Another working I performed involved soul healing. Having already identified the root causes of unwanted Christian beliefs, I set aside an evening devoted to journeywork, called upon my spirit allies to help me, and journeyed to my past, listening to my childlike soul tell me her worries and fears about things she’d heard in church or Sunday school or out in the world. I listened, then I explained to her a different perspective, a witchcraft perspective, and introduced her to my spirit allies who offered her protection and wisdom. The emotional release of this experience was incredible. All my childlike soul needed to know was that she wasn’t bound to this intimidating way of seeing the world and that she wasn’t alone on her journey.
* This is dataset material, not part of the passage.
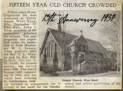
Trinity Church, West Bend school and other activities of the church.

It healed pieces of her/my self that had been damaged by the old belief structure. As a result of this work, I felt many of the beliefs that had weighed me down dissolve into something much easier to brush off.
Continually Renewed
Changing unwanted beliefs is an ongoing process that takes years to achieve and may never be fully completed, but it is a worthwhile endeavor for anyone who is bothered by unresolved baggage from the faith tradition they were raised in. It is a rich landscape for inner work, values identification, and healing, and I believe it makes Pagan practitioners stronger in their chosen faith, whatever that may be. If this work is something you’re interested in undertaking, start asking yourself what it is that angers, upsets, aggravates, and scares you the most about the religious tradition you were raised in. Start asking yourself why. Listen to your knee-jerk responses. Your past is a vast repository of wisdom, but you have to do the Great Work of uncovering it. May your journey be fruitful.